茅ヶ崎・寒川 人物風土記
公開日:2018.05.04
「建築の日本展」の作品を手がけた
徳長 竜弘さん
芹沢在勤 33歳
挑戦がもたらす彩り
○…「日本の伝統文化に関わる人が減る中で、その技術を自分が受け継ぎ次世代へつなげていきたい」。大学生だった11年前、就職活動の真っ只中で行きついた思いが、今、実を結びつつある。
〇…六本木の森美術館で始まった「建築の日本展」に並ぶ作品に、木工職人として関わった。建築家・丹下健三氏の自邸を再現した木造模型の、建具を担当。「東京の一等地に展示されると思うとワクワクする」と話し、世界から注目される日本建築の企画展に胸を躍らせる。

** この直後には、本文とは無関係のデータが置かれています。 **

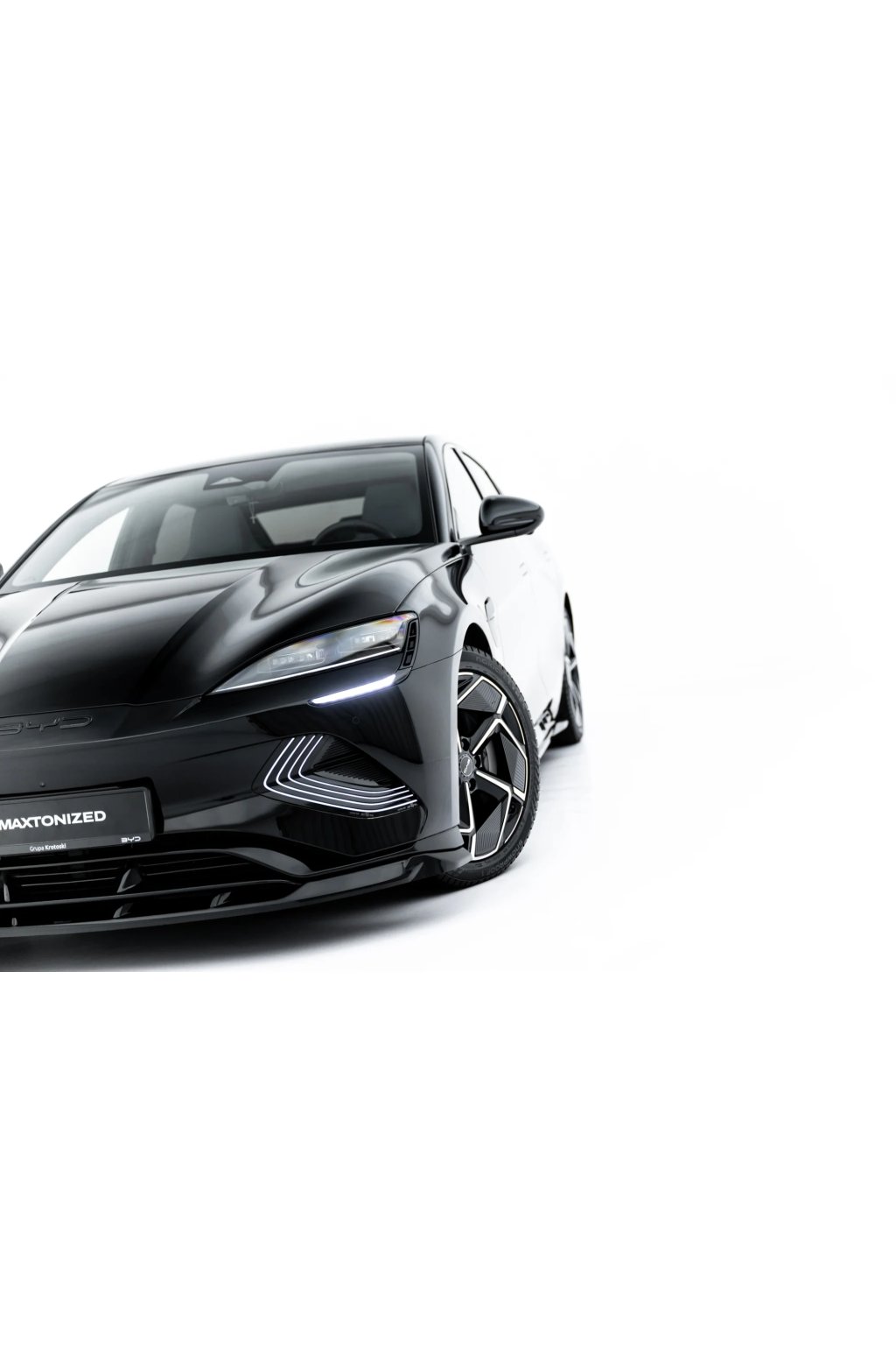 Maxton Design spoiler pod přední nárazník pro vozidlo BYD Seal Mk1 . Povrchová úprava spoileru černý lesklý plast ABS.

〇…普段は、藤沢の自宅から車を10分ほど走らせた芹沢の作業場で、コツコツとものづくりに励む。3年前に独立して立ち上げた『杢工舎徳長』は、鳥のさえずりも聞こえる畑に面した場所。「時計を見なくて済むから」と時報も流れるラジオをつけ、一人だけの職場で全神経を集中させる。木製建具に家具の製作、修理、リメイク…。木材を使った幅広い仕事を請け負う。2年前にリニューアルした小田原城天守閣の展示空間には、日本古来の建具「舞良戸」を提供。現在は、江戸末期に建てられた横浜市内の寺の修復に腕をふるっている。
〇…「おもしろそうだなと思ったらやってみる」。真骨頂であるチャレンジ精神が、人生に彩りを与えた。茅ケ崎高校、神奈川大学では吹奏楽部に在籍し、今年も大岡越前祭のステージでバストロンボーンを操った。スノーボードに釣り、バイクとアクティブな一面も併せ持つ。図工好きに端を発して木工職人の道へと進み、20代後半には木工作業の指導を目的にタイへ渡って自身の世界観を広げた。
〇…常々思うことがある。「お客さんだけでなく、同業のプロがうなる仕事がしたい」と。今回の森美術館での企画展、関係者の評判は上々だ。